JEDDAH – The Saudi women do not need the permission of a male guardian to start their own business, according to the Ministry of Commerce and Investment.
“No need for a guardian’s permission. Saudi women are free to start their own business freely,” ministry spokesperson Abdul Rahman Al-Hussein tweeted on Thursday using an Arabic hashtag that translates as #No_Need.
The #No_Need campaign is an initiative of Taysir, which aims to streamline the necessary procedures to establish a new business.
There is no longer any need to visit a notary to document the founding of a company.
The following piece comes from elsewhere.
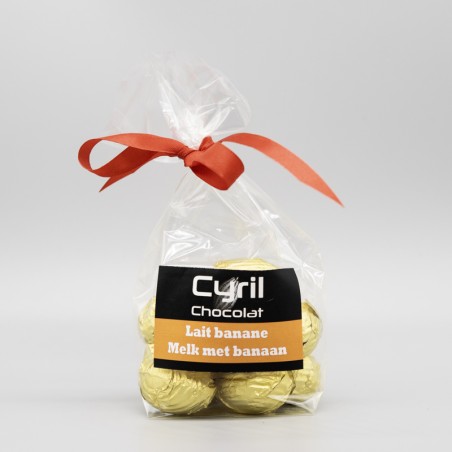Sachet de 100 grammes de petits œufs au chocolat au lait, fourrés d'une crème liquide à la banane.

The Abshir system means this can all be done electronically.
Saudi women will no longer face more obstacles than a man does to establish their own business and government agencies will no longer require the consent of a guardian for a woman to complete the necessary procedures.
Al-Hussein told Arab News: “Women can practice all their commercial transactions in the Ministry of Commerce and Investment without a guardian or a notary.”
Nojood Al-Qassim, head of the Department of Personal Status, Family Legacies and Women’s and Children’s Rights, pointed out that this latest step toward the empowerment of Saudi women is in line with the government’s overall development drive.
“One of the directives of Vision 2030 is to activate the role of Saudi women in society and to give them their full rights and the rights guaranteed by Shariah,” she told Arab News.
Dima Al-Shareef, a Saudi law consultant, said: “I believe this new approach will open the door to (women) in our homeland to highlight their talents and ideas and translate them into a realistic business with a worthy financial return.”
She added: “We are witnessing a new era in the empowerment of Saudi women, in the commercial sphere in particular.”
The Kingdom has also opened 140 positions for women at airports and border crossings, a historic first that the government said drew 107,000 female applicants.
Crown Prince Mohammed bin Salman, the powerful heir to the Saudi throne, has been leading the drive to expand the role of women in the workforce in recent months.
His father, King Salman, in September, approved the end of a decades-long ban on driving, which goes into effect in June.
The 32-year-old prince pledged a “moderate, open” Saudi Arabia in October, breaking with ultra-conservative clerics in favour of an image catering to foreign investors and Saudi youth.
Prince Mohammed is widely seen as the chief architect behind Saudi Arabia’s “Vision 2030” reform programme, which seeks to elevate the percentage of women in the workforce from 22 percent to nearly one-third.